# Partitioning Problem



## sourabh.belekar (Jun 18, 2013)

Hi,
I've bought lenovo u410 ultrabook recently. It has 500gb HDD.
C:\ drive is of size 420GB .
I want to partition it into two 120+300.
I tried to do it using EASEUS Partition Master 9.1.1 Home Edition.

It shows following Error. (shown in pic)






Please Help. Thank you..!!


----------



## dashing.sujay (Jun 18, 2013)

Assuming your 5th partition, "LENOVO_PART" is also primary partition (hidden by error message box in screen shot), and I'm sure it is the case.

The problem is any disk can't have more than 4 primary partitions, and you already have 4.
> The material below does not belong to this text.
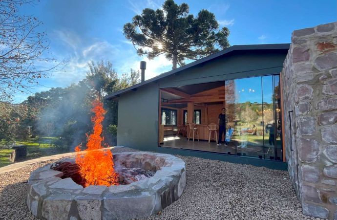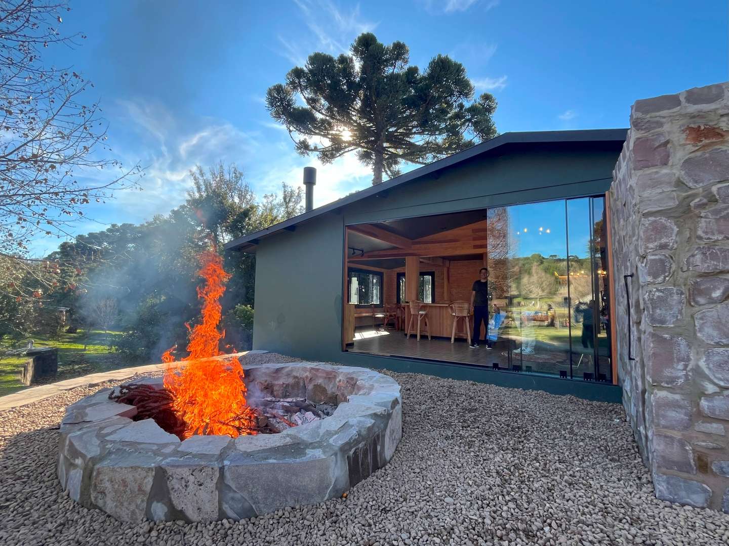 Mais do que um ponto de venda, a Casa do Fogo foi criada para proporcionar momentos de aconchego, aromas envolventes e contemplação da paisagem. O ambiente envidraçado conecta o interior da casa à área externa, onde o fogo arde como elemento central, criando um clima acolhedor para degustar vinhos, saborear pizzas artesanais e apreciar a natureza ao redor.

What you need to do, is first convert any contiguous(C: or D: )  partition to unallocated space to logical, then create as many sub-partitions in that logical partitions.


----------



## whitestar_999 (Jun 18, 2013)

don't mess around with partitions if you don't know what you are doing.also which operation did you use to create 300gb partition,resizing/shrinking C drive etc.


----------



## sourabh.belekar (Jun 21, 2013)

whitestar_999 said:


> don't mess around with partitions if you don't know what you are doing.also which operation did you use to create 300gb partition,resizing/shrinking C drive etc.



i used shrink option on 420gb partition



dashing.sujay said:


> Assuming your 5th partition, "LENOVO_PART" is also primary partition (hidden by error message box in screen shot), and I'm sure it is the case.
> 
> The problem is any disk can't have more than 4 primary partitions, and you already have 4.
> 
> What you need to do, is first convert any contiguous(C: or D: )  partition to unallocated space to logical, then create as many sub-partitions in that logical partitions.




Thanks it soved problem....


----------